Список был длинный, многие фамилии Скачкову помнились по пьедесталу памятника во дворе вагоноремонтного. Старик отчетливо произносил фамилию погибшего, имя, отчество и каждого отделял паузой, так что Максим Иванович успевал не только вспомнить, но и вполголоса сказать: «Вратарь был… Здорово стоял!» или: «Этот ядро толкал… Вот ручищи были!» Скачков ждал, что где-нибудь в конце услышит и фамилию отца, но нет, не услыхал. Потом, когда все расходились, Скачков спросил отцовского помощника и друга, и Максим Иванович не сразу нашелся что ответить.
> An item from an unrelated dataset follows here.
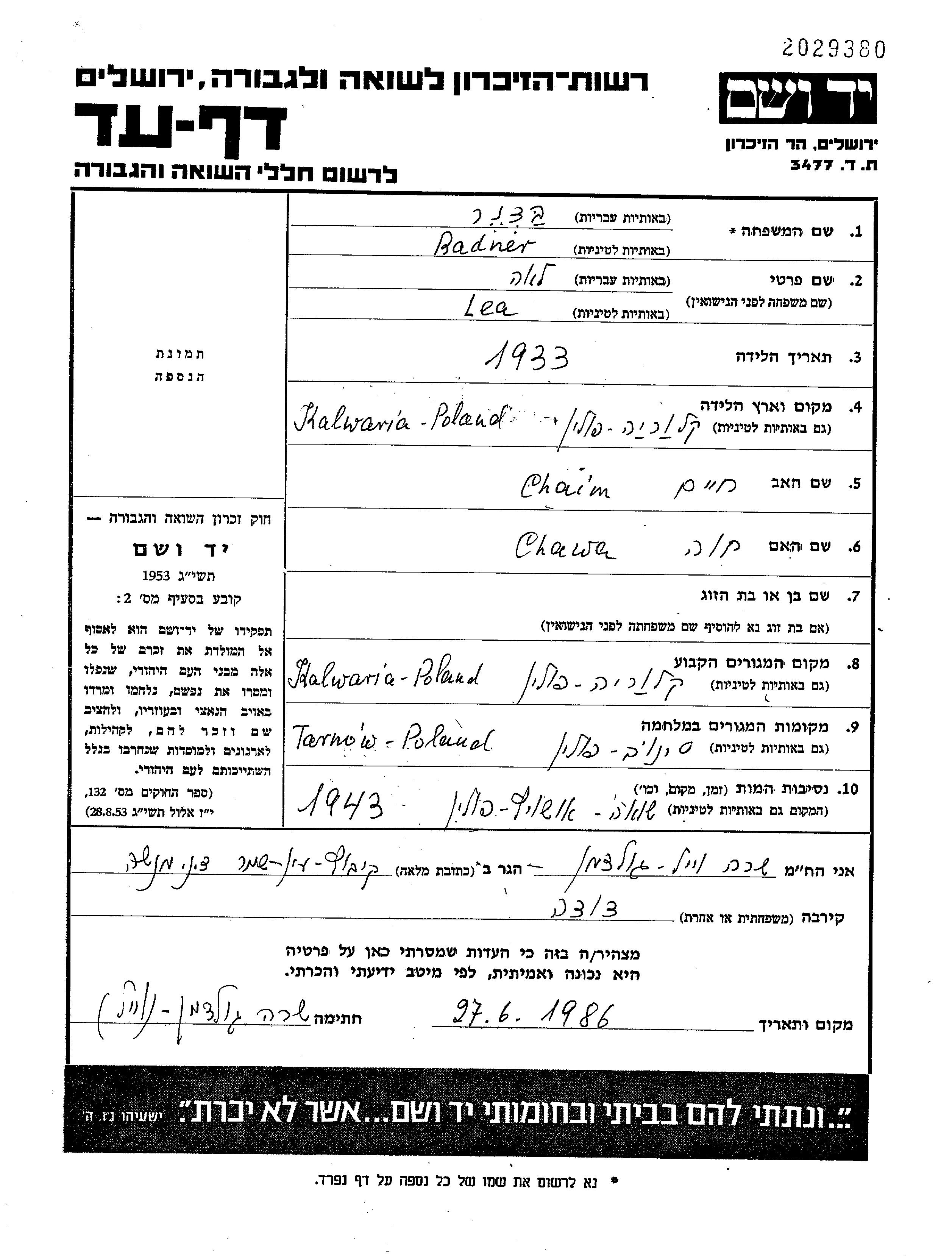 Лея Баднер, место рождения: Кальварья-Зебжидовска, Польша. Отец: Хаим, mать:Хава. Ребенок. Место жительства до войны: Кальварья-Зебжидовска, Польша. Место во время войны: Тарнув, Польша.

– Да ведь как сказать, Геш? Играть, конечно, и он играл, но… не очень, если по правде-то говорить. Мы, бывало, на поле, а он к своей… ну, то есть, к матери твоей. У них там любовь эта самая была – не разлей водой. Молодые же были! Но болеть приходили. Как игра, так и они. Рядышком. Что правда, то правда – ни одной игры не пропускали.
Старик Поляков, завладев всем залом, кончил читать и долго, при общей траурной тишине, складывал и прятал в карман кителя листок. Садиться он не думал – поискал и нашел, где Иван Степанович. Тот сидел с краю, голова опущена, руки мнут, сворачивают в трубочку тетрадь.